┏━━

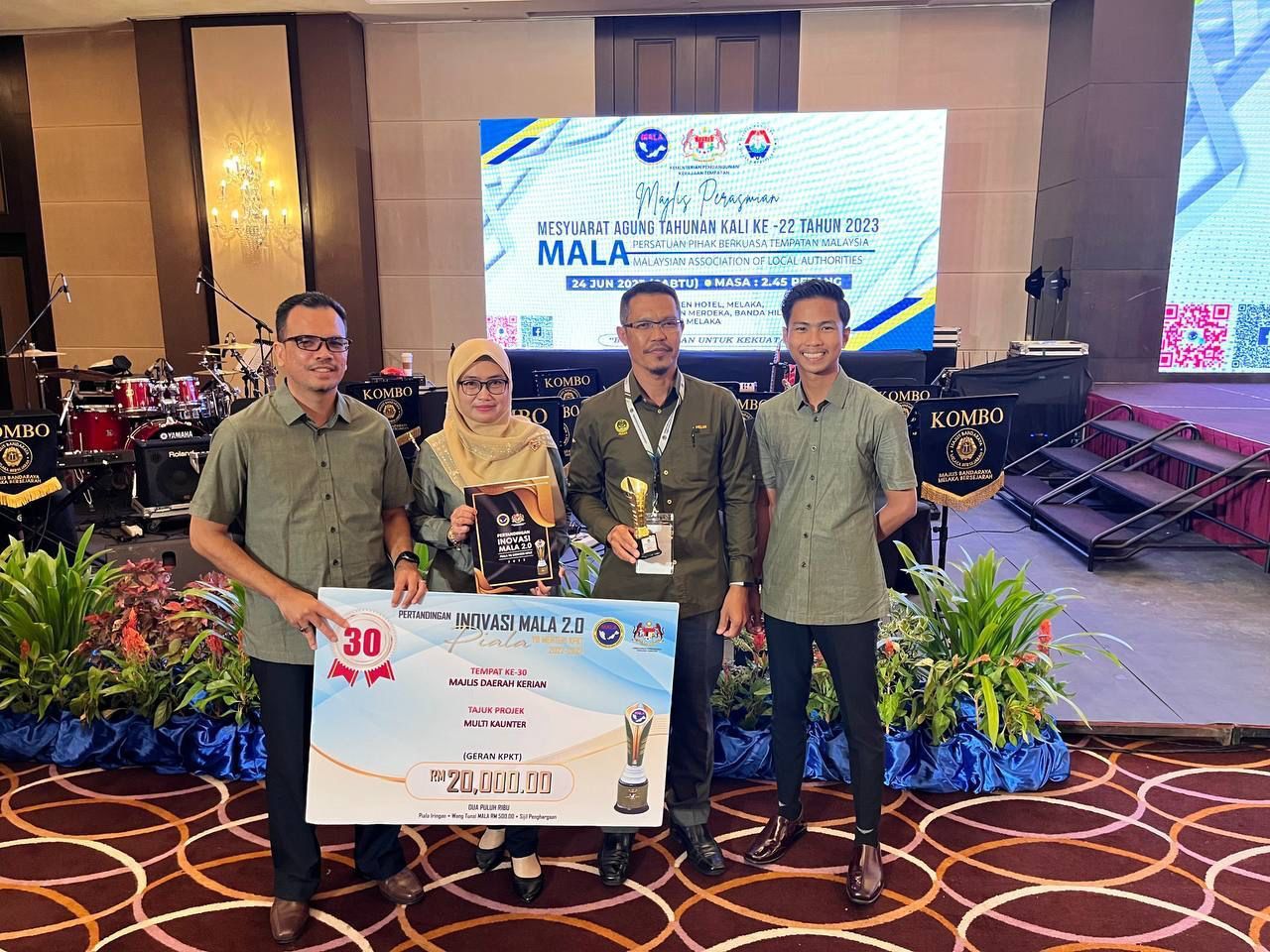 24 JUN – Majlis Penyampaian Hadiah Pertandingan Inovasi MALA 2.0 Piala YB Menteri KPKT Persatuan Pihak Berkuasa Tempatan Malaysia telah diadakan di Hatten Hotel, Melaka. Sesi penyampaian hadiah ini disempurnakan oleh YB. Datuk Rais bin Datuk Wira Yasin, EXCO Kanan Perumahan, Kerajaan Tempatan, Saliran, Perubahan Iklim dan Pengurusan Bencana diiringi YBhg. Datuk Hj. Shadan bin Hj. Othman, Datuk Bandar MBMB merangkap Presiden Persatuan Pihak Berkuasa Tempatan Malaysia (MALA). Tahniah diucapkan kepada Kumpulan Inovatif dan Kreatif (KIK) Majlis Daerah Kerian iaitu Kumpulan Meteor dan Kumpulan One-Off yang mendapat tempat ke-17 dan ke-30 daripada 69 kumpulan inovasi yang bertanding. Kedua-dua kumpulan telah menerima hadiah geran KPKT keseluruhannya berjumlah RM 50,000.00 dan wang tunai RM 1,000.00. Semoga kejayaan ini memberi impak positif terhadap penyampaian perkhidmatan terbaik Majlis Daerah Kerian.
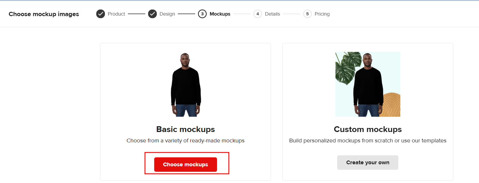 - اختيار صور العرض Mockups التي ستظهر في المتجر.
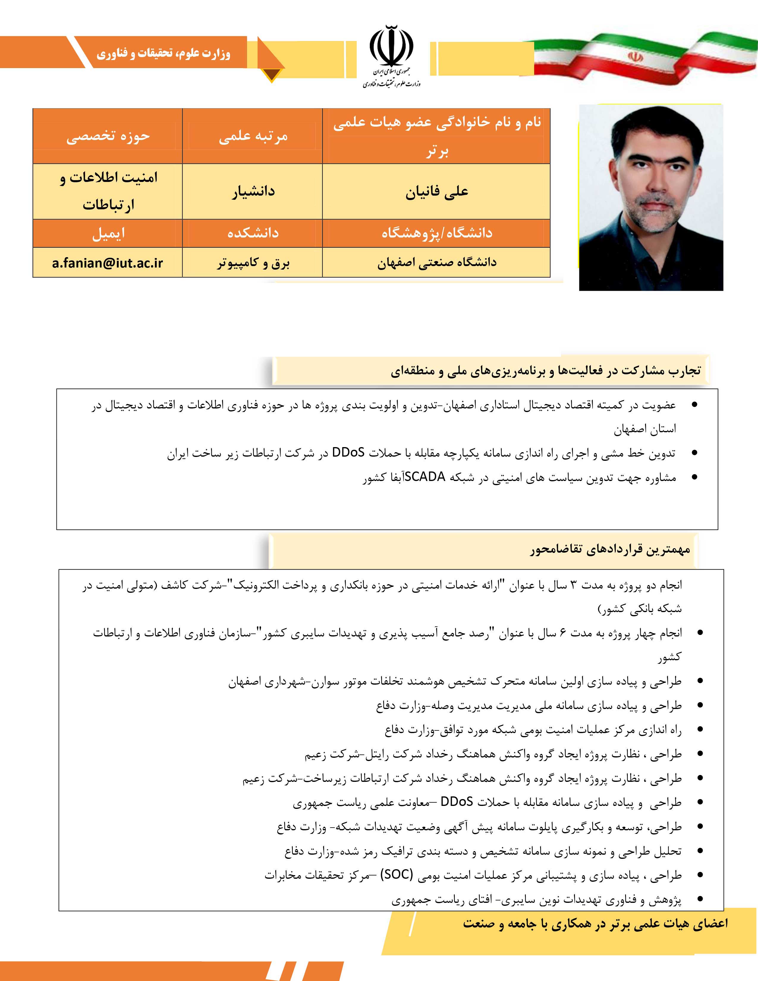 دکتر علی فانیان ، عضو هیئت علمی دانشکده مهندسی برق و کامپیوتر، در حوزه تخصصی امنیت اطلاعات و ارتباطات ، دکتر مریم حسنوند، عضو هیئت علمی دانشکده فیزیک در حوزه تخصصی فیزیک هسته ای و دکتر علی نیکبخت در حوزه تخصصی علوم باغبانی و فضای سبز سه عضو جامعه علمی دانشگاه صنعتی اصفهان هستند که خدمات و فعالیت های ارزنده ایشان در کتاب برگزیدگان سال 1401 معرفی شده است.
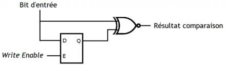 La comparaison de deux bits est un problème des plus simples. Rappelons que nous avions vu dans le chapitre sur les comparateurs qu'un comparateur qui vérifie l"égalité de deux bits n'est autre qu'une porte NXOR. Ce faisant, dans leur implémentation la plus naïve, chaque cellule CAM incorpore une porte NXOR pour comparer le bit d'entrée avec le bit mémorisé. Une cellule CAM ressemble donc à ceci :
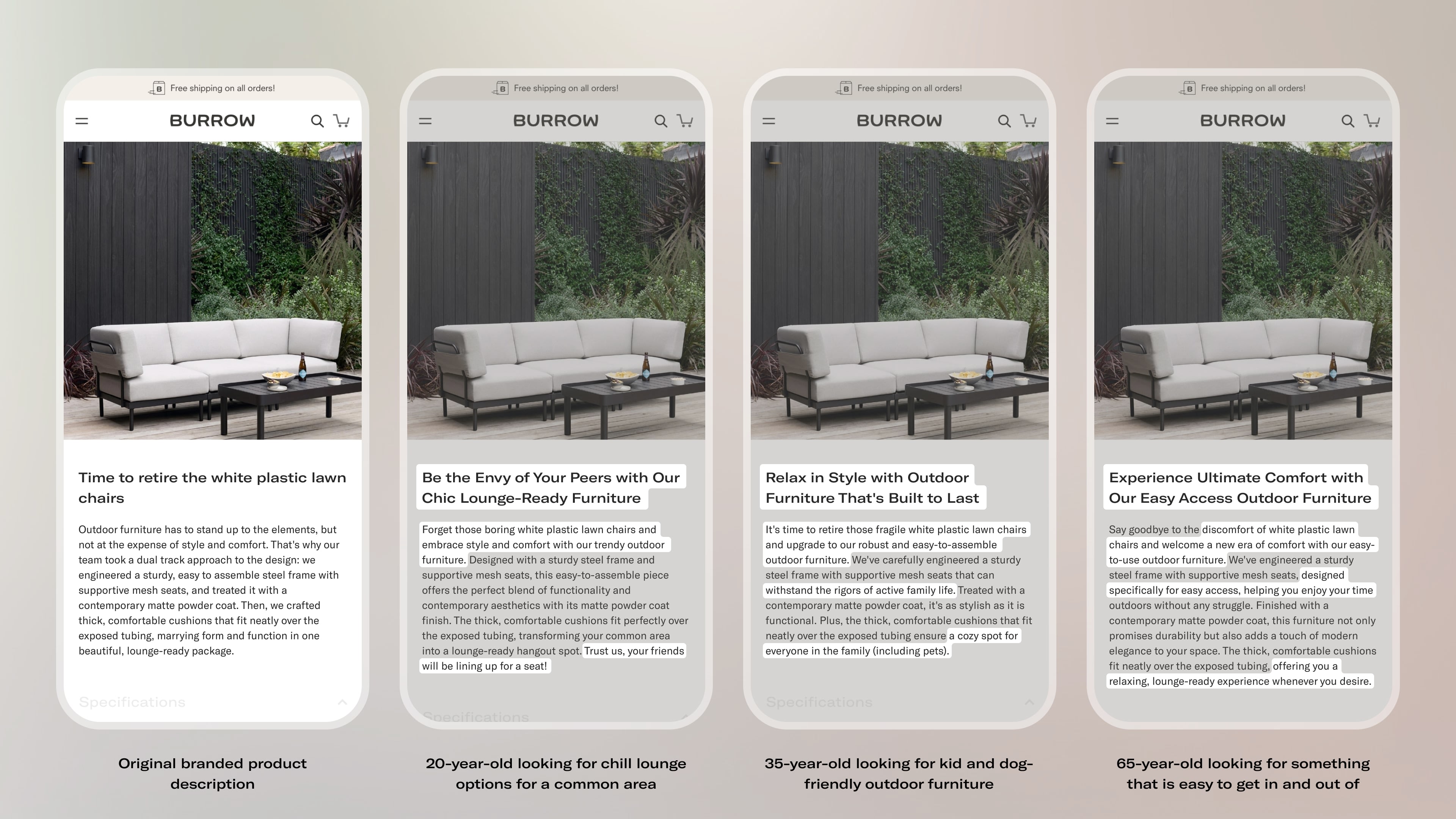 When collaborating with a brand like Burrow, our goal is to ensure that the generative AI serves the specific needs of this business. That's why the ideas below are all based on the concept of what we are calling a Brand Language Model…
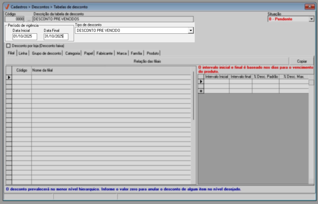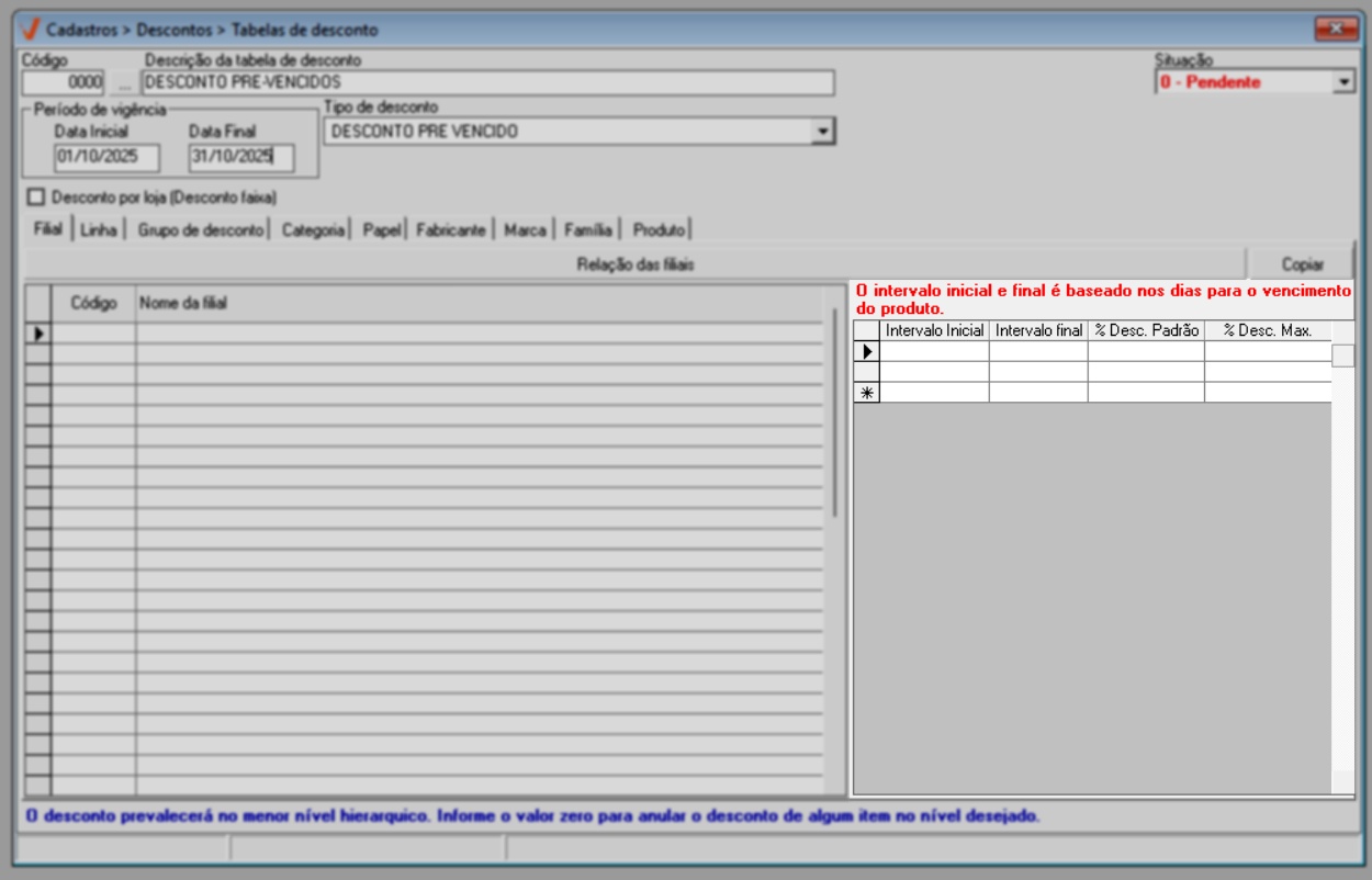 O objetivo de cadastrar e liberar uma remessa de Pré-vencidos é estabelecer uma regra de descontos específica para essa modalidade, permitindo que lojistas e varejistas aumentem as vendas de produtos próximos ao vencimento, antes que se tornem inviáveis para comercialização. Por meio desta tela, o usuário poderá cadastrar, consultar e alterar a tabela de descontos, definindo a porcentagem de desconto e, consequentemente, a redução do preço de venda dos produtos.
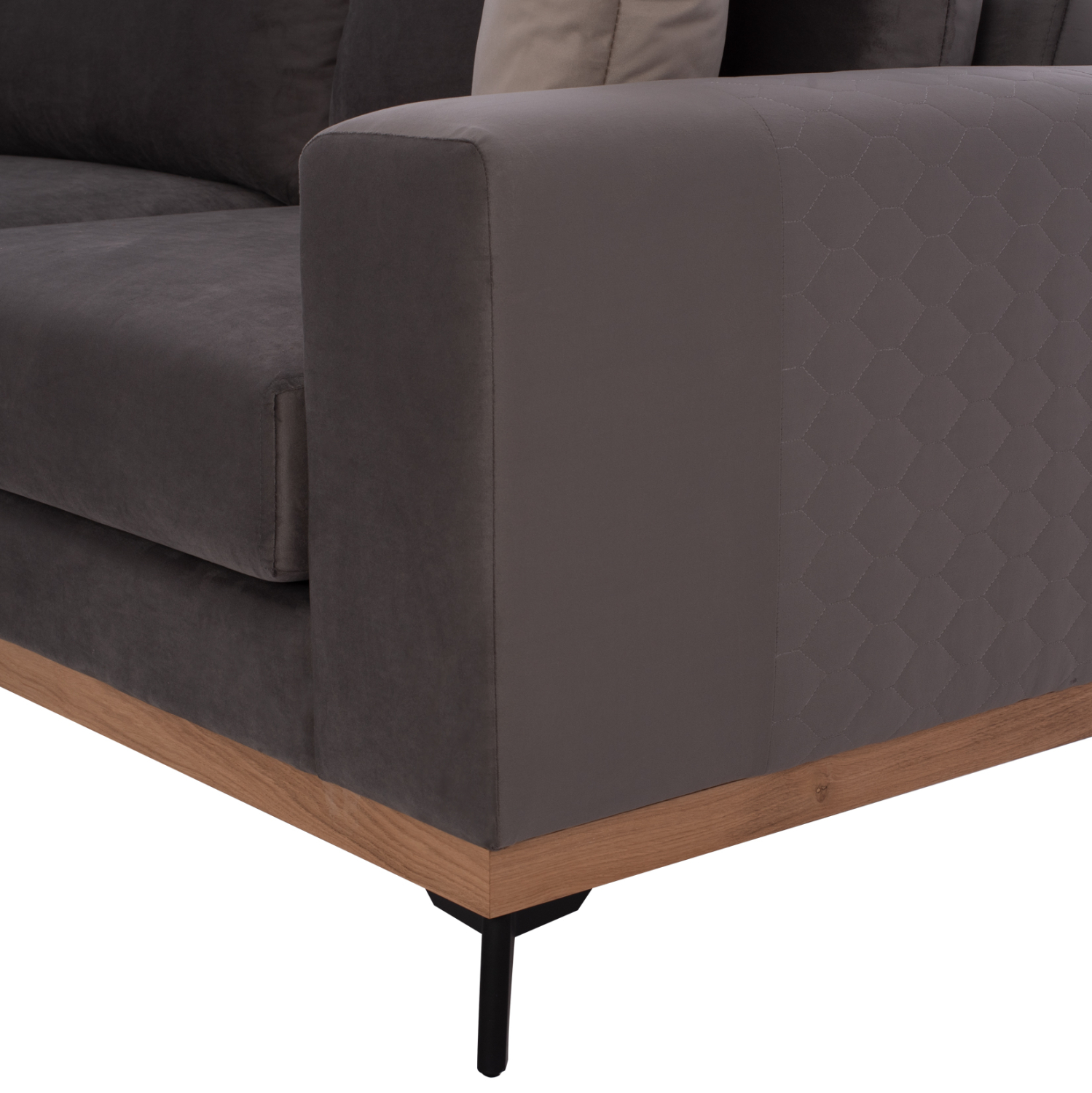 Το βασικό χαρακτηριστικό του καναπέ, όμως, που μαγνητίζει το βλέμμα είναι φυσικά το ξύλινο πλαίσιο σε φυσικό χρώμα που διατρέχει ολόκληρο τον καναπέ στο κάτω μέρος, ακριβώς επάνω από το ύψος των ποδιών. Πραγματικά μια πανέμορφη πινελιά που ανεβάζει αισθητικά τον καναπέ. Τα πόδια είναι ψηλά και βοηθάνε στην καλύτερη πρόσβαση στο πάτωμα κάτω από τον καναπέ, κυρίως για την καθαριότητα, χωρίς να χρειαστεί να μετακινηθεί ολόκληρος ο καναπές.

┗━━

• _Work item_:
Produce an exact copy of only those lines that run from the line with "O objetivo de" to the final line of the records, including both; exclude images.

• _Solution to this problem_:
 O objetivo de cadastrar e liberar uma remessa de Pré-vencidos é estabelecer uma regra de descontos específica para essa modalidade, permitindo que lojistas e varejistas aumentem as vendas de produtos próximos ao vencimento, antes que se tornem inviáveis para comercialização. Por meio desta tela, o usuário poderá cadastrar, consultar e alterar a tabela de descontos, definindo a porcentagem de desconto e, consequentemente, a redução do preço de venda dos produtos.
 Το βασικό χαρακτηριστικό του καναπέ, όμως, που μαγνητίζει το βλέμμα είναι φυσικά το ξύλινο πλαίσιο σε φυσικό χρώμα που διατρέχει ολόκληρο τον καναπέ στο κάτω μέρος, ακριβώς επάνω από το ύψος των ποδιών. Πραγματικά μια πανέμορφη πινελιά που ανεβάζει αισθητικά τον καναπέ. Τα πόδια είναι ψηλά και βοηθάνε στην καλύτερη πρόσβαση στο πάτωμα κάτω από τον καναπέ, κυρίως για την καθαριότητα, χωρίς να χρειαστεί να μετακινηθεί ολόκληρος ο καναπές.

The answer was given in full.